- DATA LISTING:

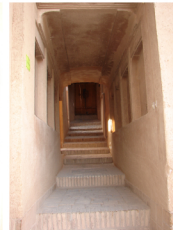
Khaneh Lariha (Service areas), Yazd
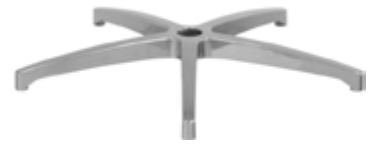
5-star die-cast aluminium Ø 700 mm base, polished, ø 700 mm.
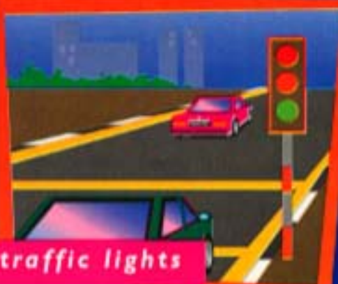
At the traffic lights
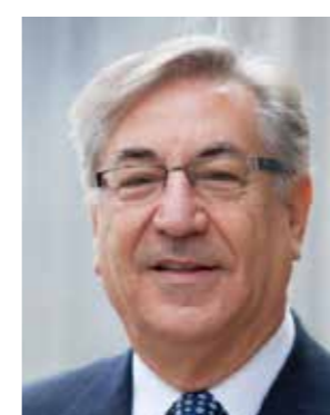
KARMENU VELLA EU Commissioner for the Environment, European Commission
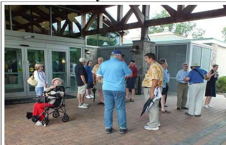
Awaiting Bus Tours
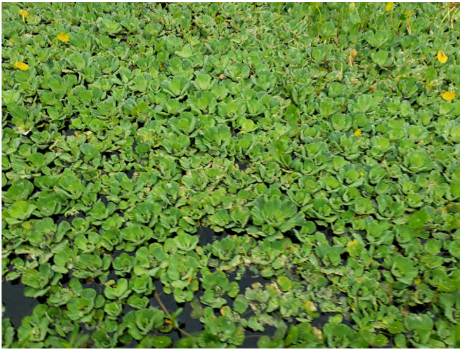
This exotic water lettuce is a free-floating exotic plant that grows very quickly. Once identified, research the herbicides that work best and treat as soon as possible.

be required, which is very difficult, and to remedy the problem they caused.
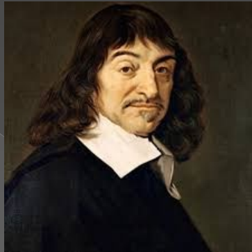
René Descartes (1596-1650) RATIONALISM
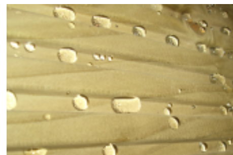
Water applied to decking treated with Clearshield Eco
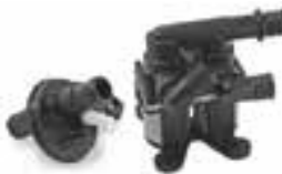
Fig. 3 - Typical Water (Heater) Control Valves
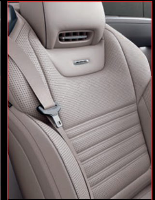
UPHOLSTERY: AMG Nappa leather AMG designo Exclusive Nappa leather AMG SL 63
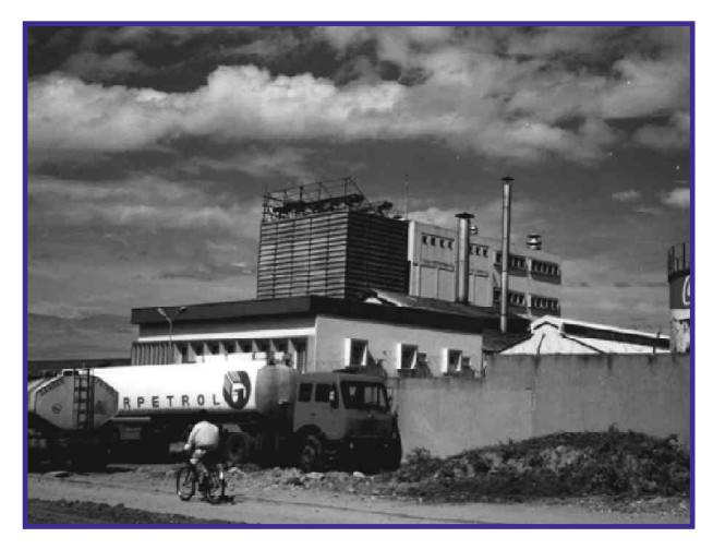
Brarudi Brewery: one of over 70 industries in Bujumbura

food processing, textiles, metallurgy, chemicals and pharmaceuticals, petrol warehouses and garages, soap manufacturers, slaughterhouses, paint refineries, printing houses, and so on.

- YOUR INSTRUCTIONS: Your answer is the exact run of lines above from the one with "be required, which" through the one with "Fig. 3 - Typical", both ends included, minus any picture.

- COMPLETED EXERCISE:
be required, which is very difficult, and to remedy the problem they caused.
René Descartes (1596-1650) RATIONALISM
Water applied to decking treated with Clearshield Eco
Fig. 3 - Typical Water (Heater) Control Valves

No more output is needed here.